Latest World Health Organization (WHO) figures show 116 suspected cases, 321 confirmed cases, 48 deaths, and six recovered cases in the Democratic Republic of the Congo (DRC). In Uganda, there have been nine confirmed cases, and one death to date.
“Viruses do not stop at borders, and neither should our response,” said Ugochi Daniels, IOM Deputy Director General for Operations. “When borders close, people often continue moving through informal routes where health screening and surveillance are limited. The most effective response is coordinated action that keeps mobility visible, safe and monitored.”
IOM warns that reactive border closures can reduce visibility of population movements, undermining health screening, surveillance, contact tracing and early detection efforts. Evidence from previous health emergencies shows that movement restrictions do not stop mobility but often redirect it towards informal and less-monitored routes.
This is the 17th Ebola outbreak recorded in the DRC and the third largest on record, highlighting both the recurring nature of the disease and the importance of sustained preparedness.
The outbreak is unfolding in one of the world’s most complex humanitarian contexts.
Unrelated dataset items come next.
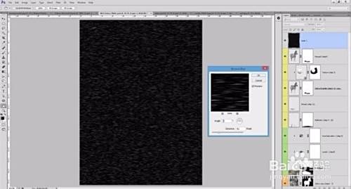 在图层顶部创建一个新图层并命名为雨。填满黑色。转到“滤镜”>“像素化”>“Mezzotint”。选择“类型”:中笔画,然后单击“确定”。现在转到滤镜>模糊>运动模糊。设置角度: 0和距离: 40像素,然后点击确定。旋转图像并将混合模式更改为屏幕。
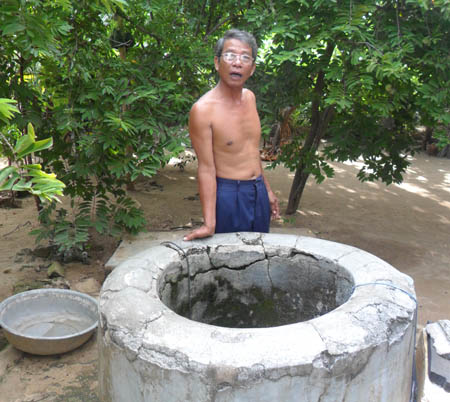 Ông Dự bên giếng cổ 200 tuổi của nhà mình.
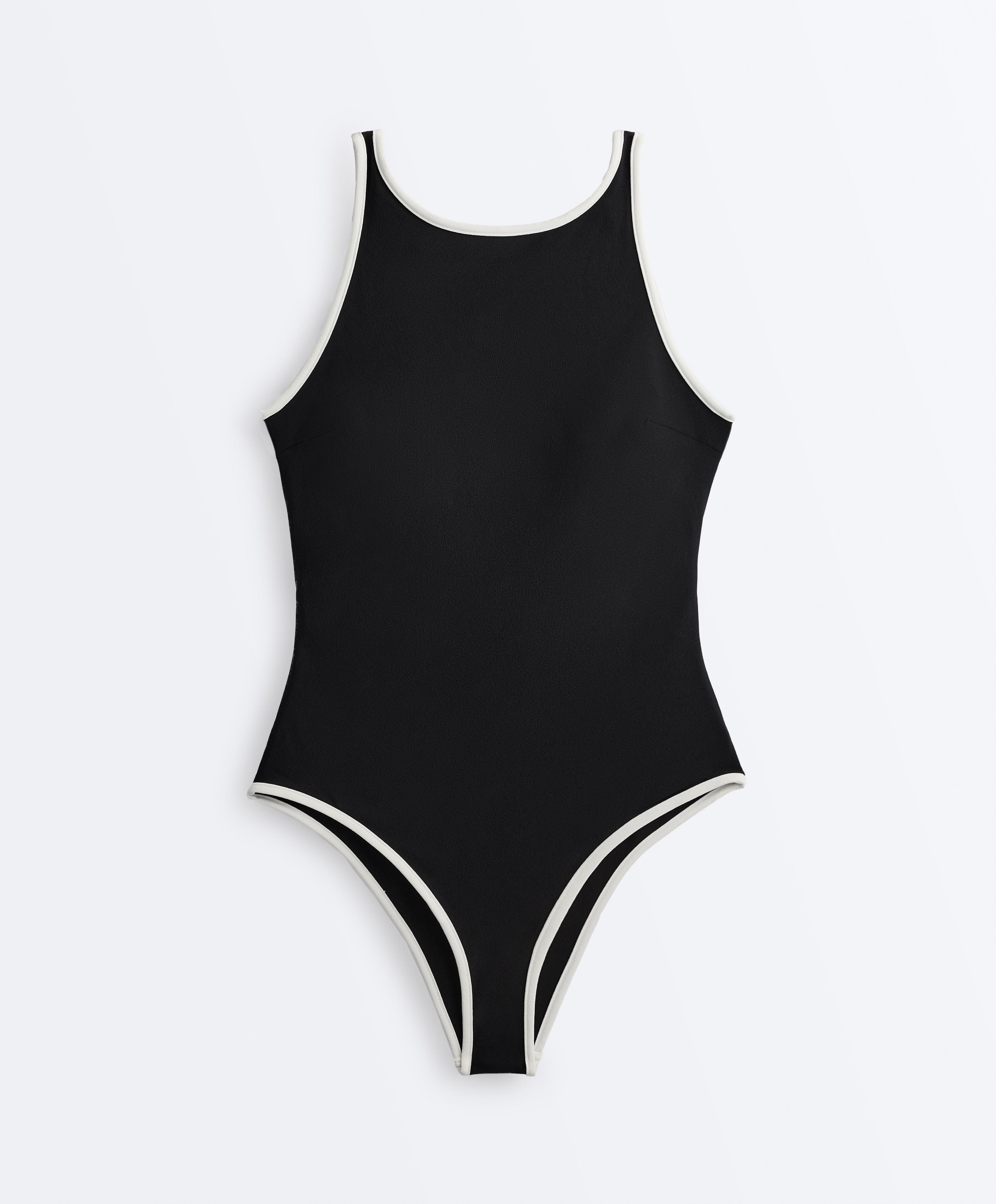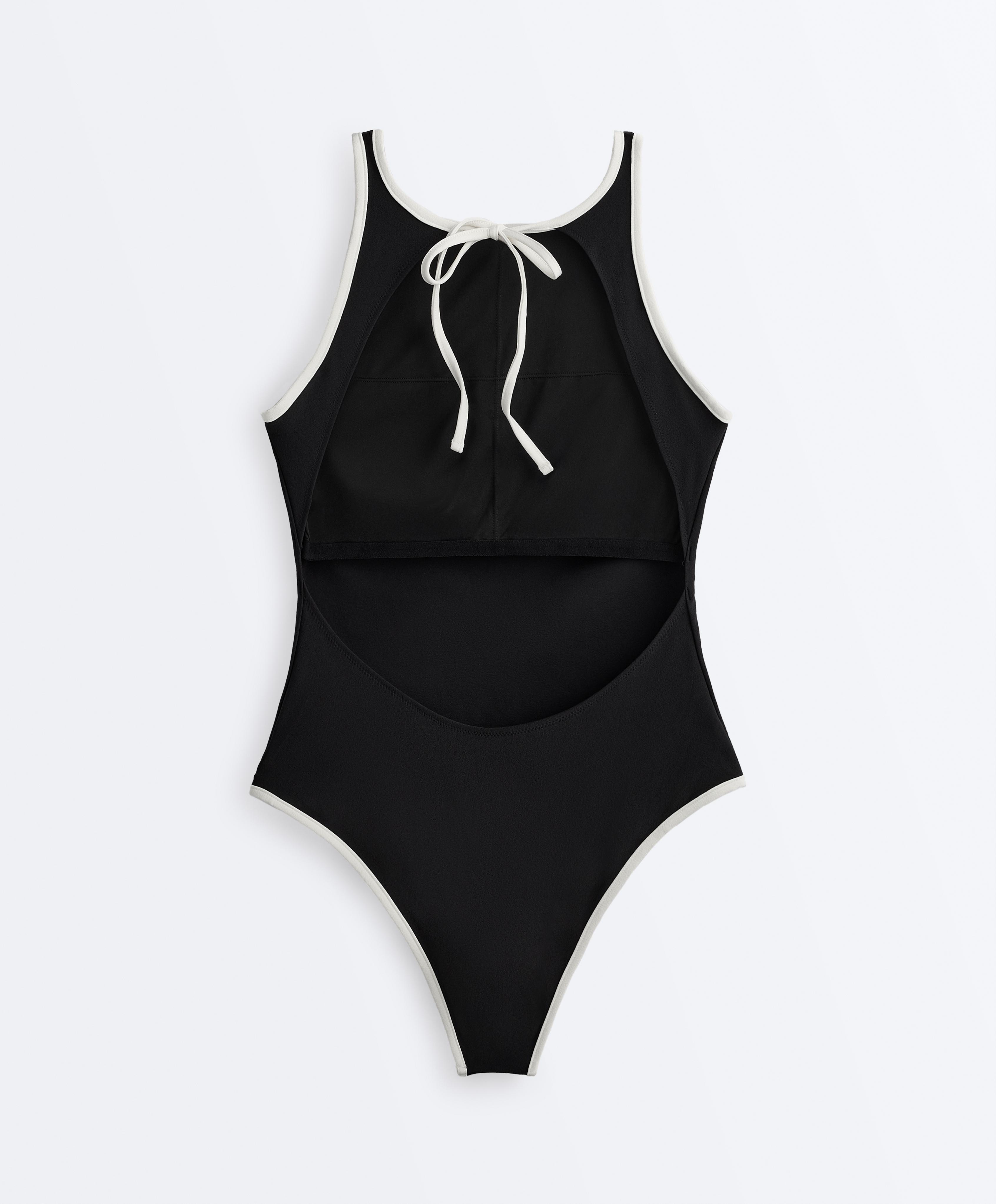 OYSHO Купальник халтер с контрастной окантовкой, черный

Eastern DRC is already affected by conflict and large-scale displacement. As of March 2026, 3.6 million people have been internally displaced in the country, including nearly 922,000 displaced in Ituri Province alone, where the outbreak is centred.
The confirmation of cross-border transmission between DRC and Uganda further highlights the urgency of coordinated regional action, particularly in areas where daily cross-border movement is essential for trade, livelihoods and access to basic services.
Data from IOM’s Flow Monitoring Registry at key formal and informal crossing points—including Cyanika, Busunga, Bunagana, Mpondwe, Goli, Vurra, Busanza and Ntoroko—shows that cross-border mobility continues despite restrictions, including through informal routes, reinforcing the need for data-driven and coordinated response measures.
People living in displacement sites, border communities and conflict-affected areas face heightened vulnerability due to limited access to healthcare, clean water and other essential services, increasing the risk of undetected transmission.
IOM is supporting governments and partners in DRC, Uganda and neighbouring countries by strengthening border health operations, population mobility mapping, disease surveillance, risk communication and community engagement in high-mobility areas.
Understanding where, why and how people move remains critical to preventing further spread. Public health measures must be informed by mobility patterns and coordinated across borders to ensure effective containment while avoiding unintended consequences that push movement out of sight.
Significant funding gaps continue to constrain the scale and speed of response efforts, including preparedness activities across the region.
IOM welcomes the swift financial contribution from the United States, which is helping to strengthen frontline response efforts and save lives. Close coordination with the African Union, Africa Centres for Disease Control and Prevention, WHO and United Nations partners remains essential to containing the outbreak.
While Ebola is a preventable and containable disease, additional resources are urgently needed to sustain surveillance systems, maintain border health operations, strengthen community-based prevention efforts and expand support in displacement settings.